Start of Materials provided
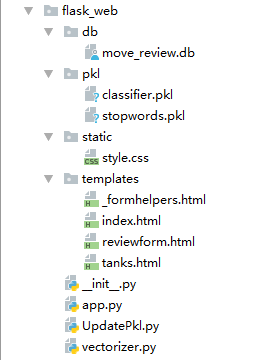 pkl:存放模型文件,stopwords.pk为停用词文件,classifer.pkl为模型文件。
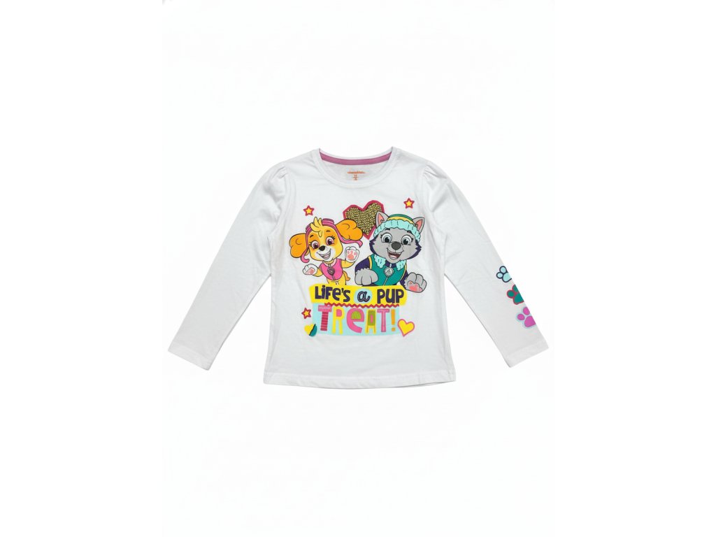 Tento rozkošný a pohodlný dlhý rukáv v čistej bielej farbe je ako stvorený pre malé fanúšičky Tlapkovej patroly! Tričko zdobia obľúbené hrdinky Skye a Everest a má hravý nápis "Life's a Pup Treat!".
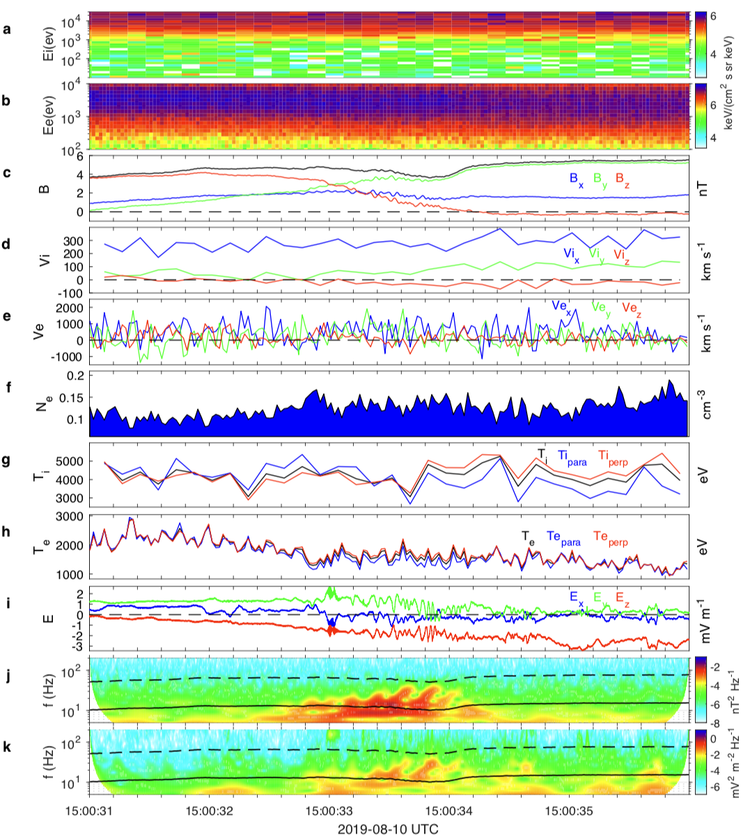 图2. MMS卫星对地球空间磁尾中性片中的合声波观测
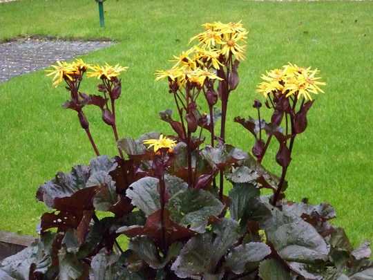 Buzulnik Othello kann auch auf schwerem Lehmboden ohne Entwässerung wachsen und verträgt problemlos vorübergehende Überschwemmungen
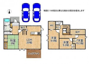 | 土地面積 | 196.97m²(約59.58坪) | 建物面積 | 130.83m²(約39.57坪) |
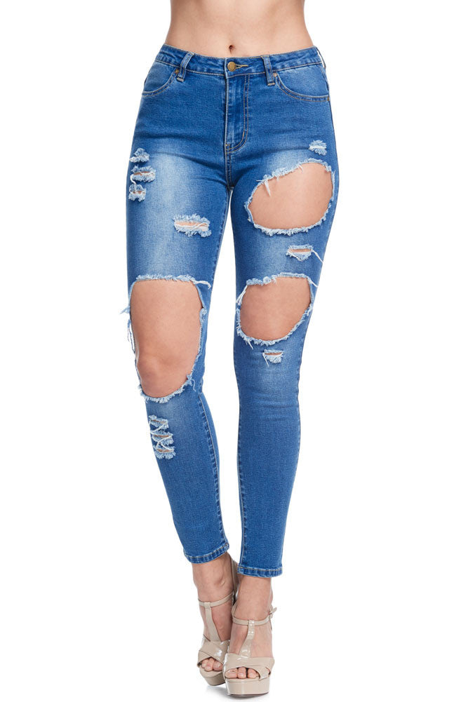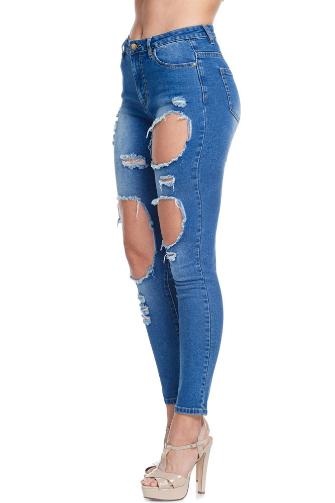 Stay effortlessly stylish and comfortable with the popular and versatile skinny jeans, now in trendy high-waisted, pre-ripped and faded style!
End of Materials provided
Give again, unchanged, only the lines from the line containing "Buzulnik Othello kann" to the last line of the records above. Pictures do not belong in the copy.

Reply:
 Buzulnik Othello kann auch auf schwerem Lehmboden ohne Entwässerung wachsen und verträgt problemlos vorübergehende Überschwemmungen
 | 土地面積 | 196.97m²(約59.58坪) | 建物面積 | 130.83m²(約39.57坪) |
 Stay effortlessly stylish and comfortable with the popular and versatile skinny jeans, now in trendy high-waisted, pre-ripped and faded style!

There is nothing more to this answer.